> [Provided entries]

————

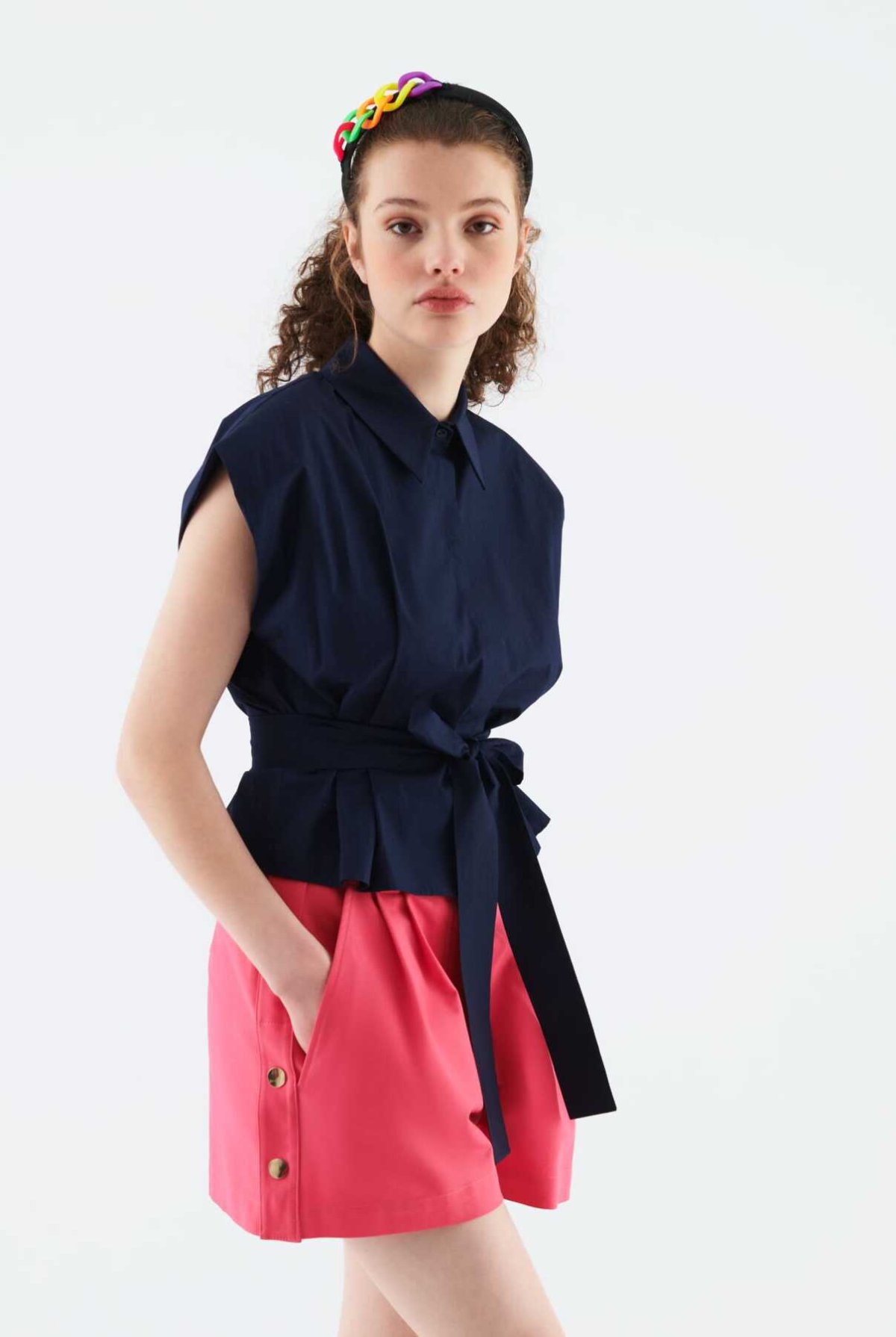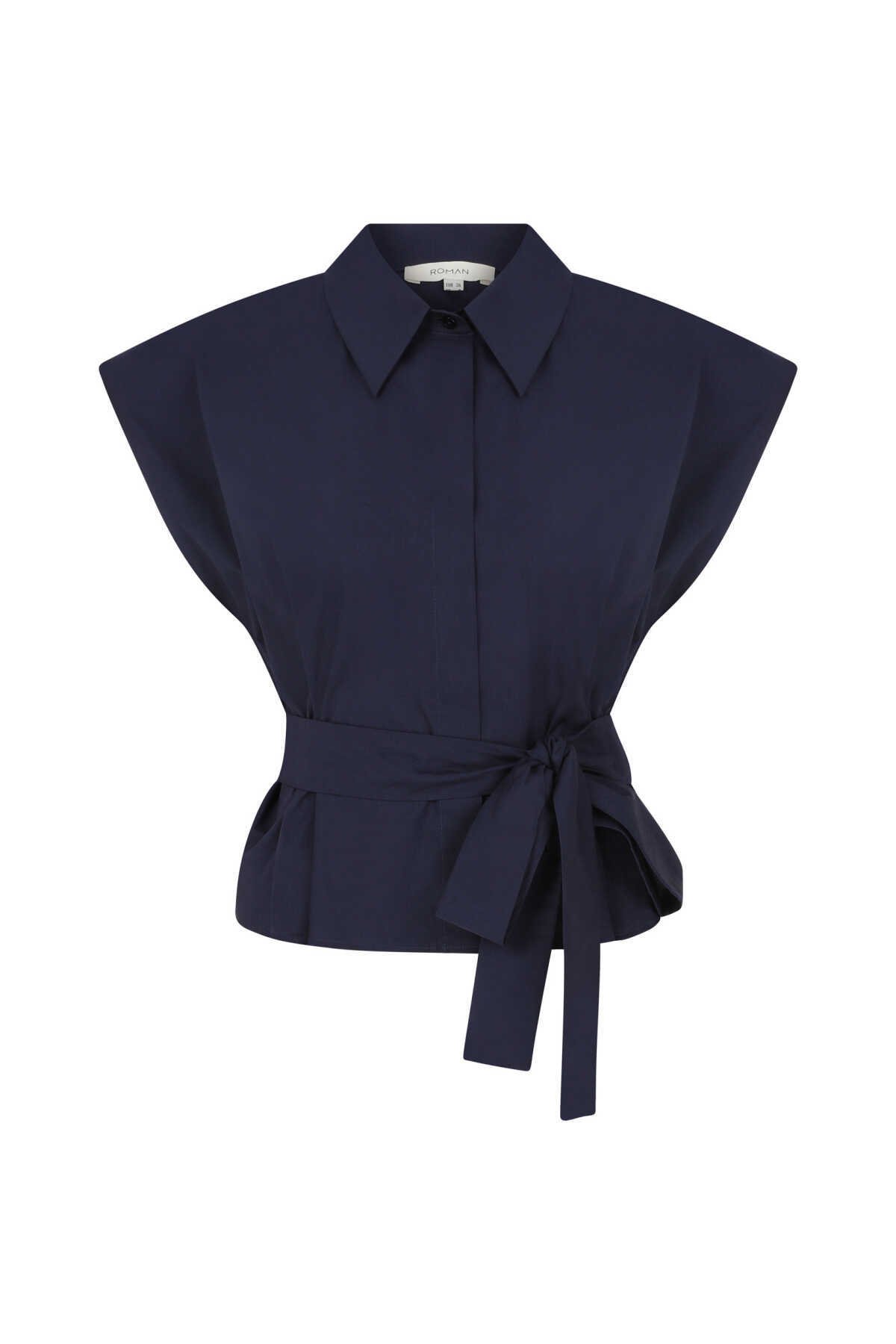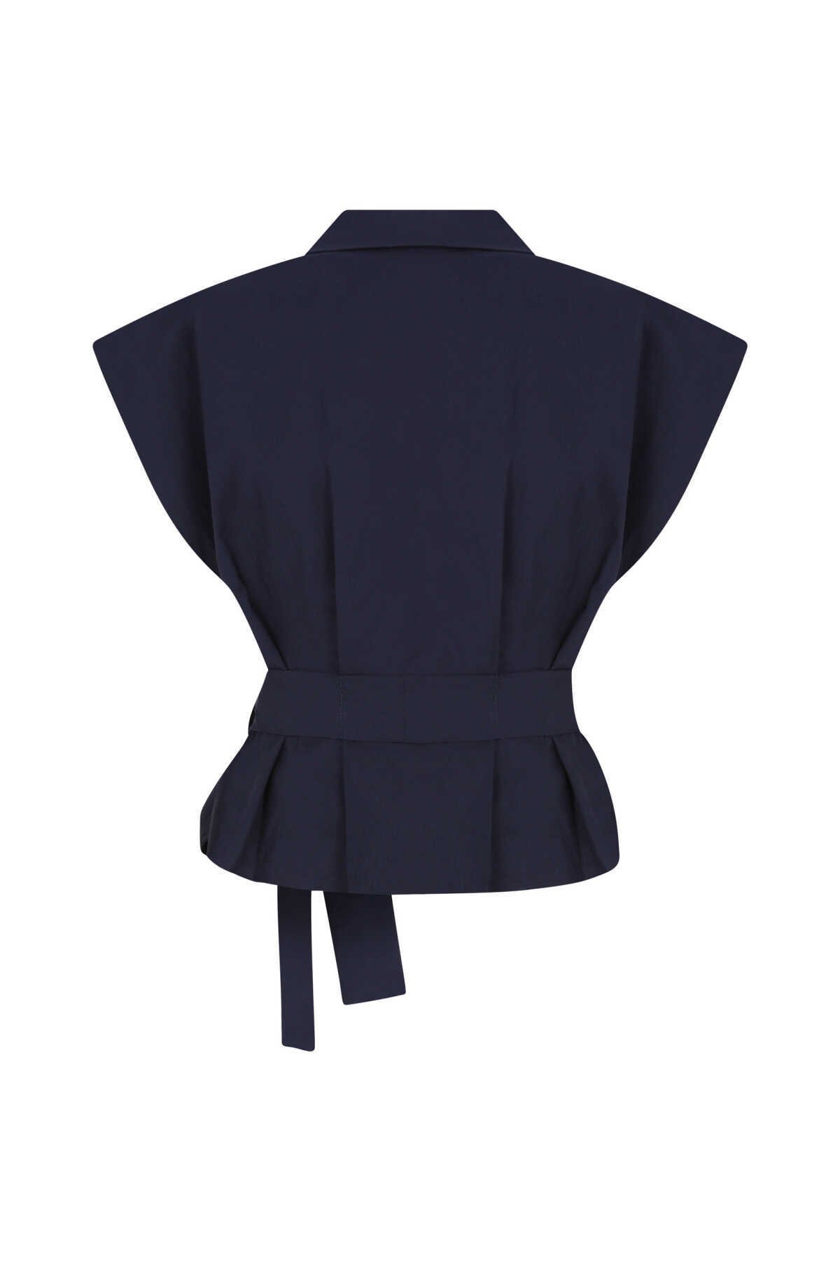 Bağlamalı Kolsuz Kadın Gömlek Lacivert
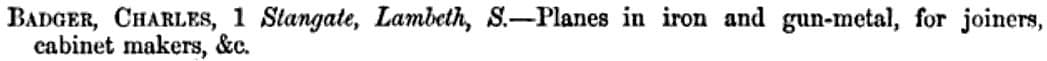 Thomas Williams, wooden planemaker, Robson’s 1840 London City Directory. Williams left 30 Stangate Street in the early 1840s; the proximity to Badger at 27 Stangate was a coincidence. No known connection.
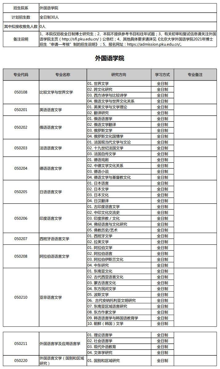 北京大学考研辅导班:2021北京大学外国语学院考研招生目录
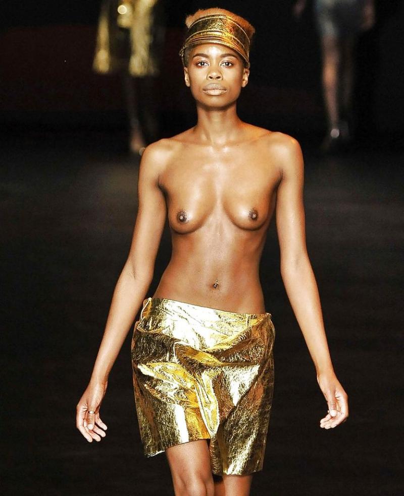 Девушки, представленные на фотографиях из этой фотосессии, любят принимать участие в разных эротичных мероприятиях, на которых им нередко приходится демонстрировать свои груди. И вот красотки в очередной раз захотели устроить модный показ и продемонстрируют идеальные тела во всей красоте. Особенно среди всех сучек выделилась негритянка, одевшая на себя необычным способом светленький гламурный купальник, чтобы он раскрывал ее груди.
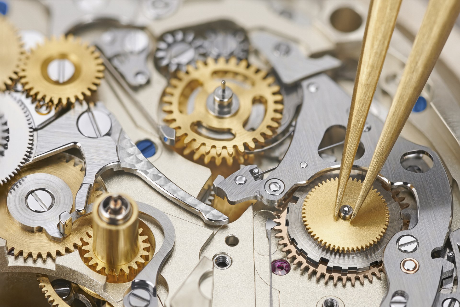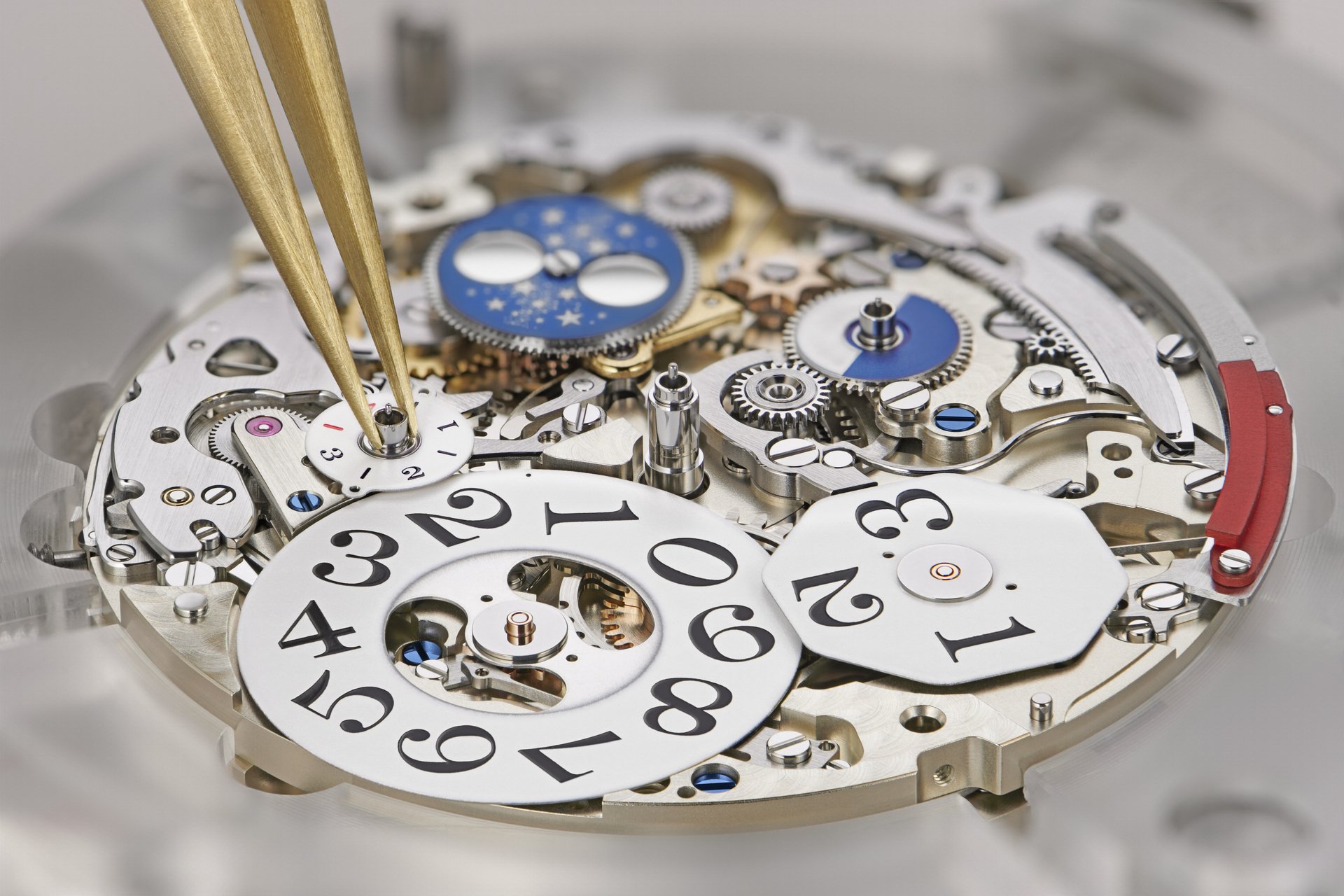 TOURBOGRAPH PERPETUAL “Pour le Mérite” (calibre L133.1); the bearing of the programme wheel is being lubricated with oil. It goes around once in four years and contains the information as to the different lengths of the 48 months in the four-year cycle.
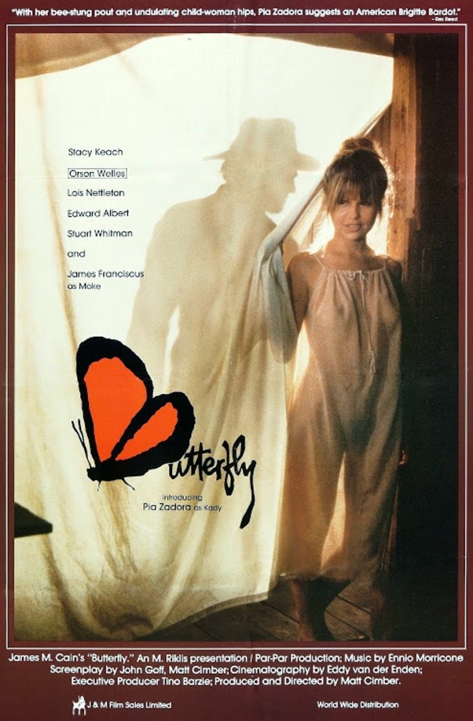 Butterfly est très fidèle au roman de Cain. Sans doute Matt Cinder rend-il sa jeune actrice, Pia Zadora, un peu plus exhibitionniste que ne l’exigeait vraiment le rôIe, mais les motivations des divers personnages sont exposées avec clarté, sans hypocrisie. La communauté d’une petite ville isolée dans une nature aride et sauvage, avec son esprit retors et ses sentiments simples voire primitifs, est dépeinte avec sensibilité, et l’obsession – de Stacy Keach reste omniprésente dans les méandres de l’histoire. La fin reste ouverte en annonçant celle prévue par Cain (la voiture de Stacy Keach s’éloigne ; une voiture déboîte et la suit). A souligner aussi la composition truculente d’Orson Welles dans le rôle du juge.

————

Repeat the data exactly. No pictures should appear.

> [Answer section]
 Bağlamalı Kolsuz Kadın Gömlek Lacivert
 Thomas Williams, wooden planemaker, Robson’s 1840 London City Directory. Williams left 30 Stangate Street in the early 1840s; the proximity to Badger at 27 Stangate was a coincidence. No known connection.
 北京大学考研辅导班:2021北京大学外国语学院考研招生目录
 Девушки, представленные на фотографиях из этой фотосессии, любят принимать участие в разных эротичных мероприятиях, на которых им нередко приходится демонстрировать свои груди. И вот красотки в очередной раз захотели устроить модный показ и продемонстрируют идеальные тела во всей красоте. Особенно среди всех сучек выделилась негритянка, одевшая на себя необычным способом светленький гламурный купальник, чтобы он раскрывал ее груди.
 TOURBOGRAPH PERPETUAL “Pour le Mérite” (calibre L133.1); the bearing of the programme wheel is being lubricated with oil. It goes around once in four years and contains the information as to the different lengths of the 48 months in the four-year cycle.
 Butterfly est très fidèle au roman de Cain. Sans doute Matt Cinder rend-il sa jeune actrice, Pia Zadora, un peu plus exhibitionniste que ne l’exigeait vraiment le rôIe, mais les motivations des divers personnages sont exposées avec clarté, sans hypocrisie. La communauté d’une petite ville isolée dans une nature aride et sauvage, avec son esprit retors et ses sentiments simples voire primitifs, est dépeinte avec sensibilité, et l’obsession – de Stacy Keach reste omniprésente dans les méandres de l’histoire. La fin reste ouverte en annonçant celle prévue par Cain (la voiture de Stacy Keach s’éloigne ; une voiture déboîte et la suit). A souligner aussi la composition truculente d’Orson Welles dans le rôle du juge.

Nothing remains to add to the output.